It is important to note that the distinction between low illumination and high illumination is based on a measurement obtained from the panchromatic pixels of the sensor, therefore for the entire spectrum detected by such a sensor that is to say for at least all visible spectrum. These steps are performed for each zone of the previously identified sensor. Then, the color or monochrome images of the different areas of the sensor are combined to obtain an image of the entire sensor. The image of the entire sensor can be displayed, or stored in memory for further processing.

As a variant, a color image is formed of each zone of strong illumination, then, in the monochrome image of the sensor used for segmentation, the zones corresponding to these zones of high illumination are replaced by the color images of these zones. According to another variant, a linear combination of the monochrome image of the sensor and these color images is performed. Thus, in high-light regions, the color image and the monochrome image are superimposed. In the example just described, the zones of the sensor are treated separately. Alternatively, it is determined whether the entire sensor is in conditions of low or high illumination, and is treated in the same way the entire sensor. In this case, there is no segmentation of the monochrome image of the sensor, or combination of the images obtained. Steps 280, 281 and 282A or 282B are implemented over the entire surface of the sensor. In other words, the sensor zone as mentioned above corresponds to the entire sensor.

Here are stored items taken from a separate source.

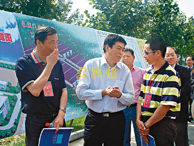 ■周口市川匯區區長張輝(中)陪同外商參觀企業
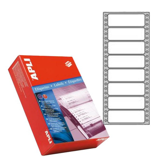 Tabelačné etikety na páse skladaných hárkov s postrannou vodiacou perforáciou, vhodné do ihličkových tlačiarní. Sú rozmiestnené v jednom rade na skladanom hárku. Farba biela. Balenie 500 hárkov.
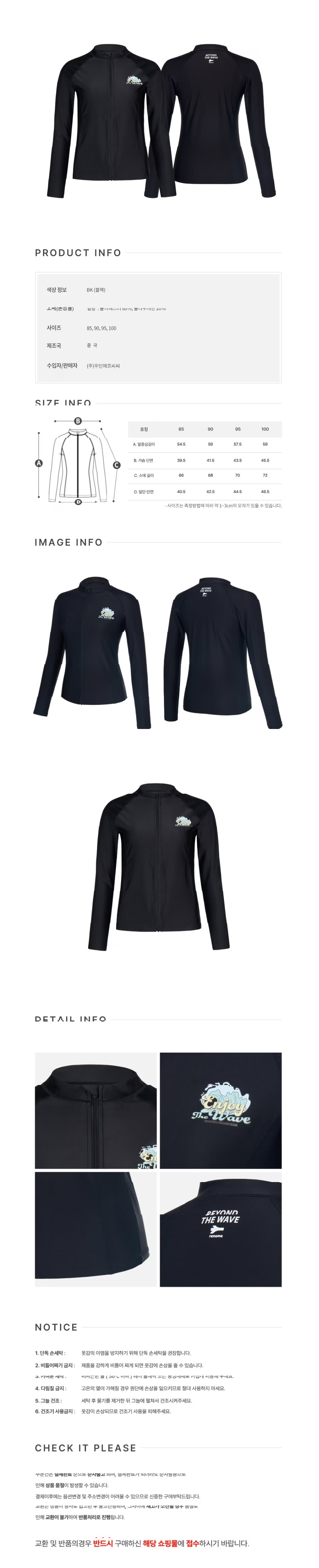 (신세계하남점)비치백 지퍼백 폴리백 3종 무상증정여성 인조이 집업 래쉬가드 상의 블랙 RN-CS2F951-BK

Thus, the processing means 140 receive as input signals from the sensor, store information for associating each pixel of the sensor with a type of elementary filter, and output a color image, or a monochrome image or a combination of a color image and a monochrome image. The invention thus provides an image acquisition device for acquiring a color image of an area of the sensor, when the illumination of the scene detected on this area allows it. When this illumination becomes insufficient, the device provides an image of the area obtained from the panchromatic elementary filters, thus with a minimal energy loss. The device automatically selects one or the other mode of operation. Note that no second matrix of elementary filters is present on the sensor 130, since it suffices to take into account, during processing, the fact that a particular sensor pixel is associated with such or such elementary filter located upstream of the photocathode. An image acquisition device having a high energy efficiency is thus produced. According to a first variant of this first embodiment, switching from one mode to another operates with hysteresis so as to avoid any switching noise (chattering). To do this, a first threshold for the useful magnitude is provided for the transition from the high illumination mode to the low illumination mode and a second threshold for the useful magnitude is provided for the inverse transition, the first threshold being chosen lower than the second threshold. According to a second variant of the first embodiment, the switching from one mode to the other is done progressively through a transition phase. Thus, the image acquisition device operates in low illumination mode when the useful magnitude is less than a first threshold and in high illumination mode when it is greater than a second threshold, the second threshold being chosen greater than the first threshold. When the useful magnitude is between the first and second thresholds, the image acquisition device performs a linear combination of the image obtained by the treatment in high illumination mode and that obtained by the low light mode treatment, the weighting coefficients being given by the deviations of the useful magnitude with the first and second thresholds respectively.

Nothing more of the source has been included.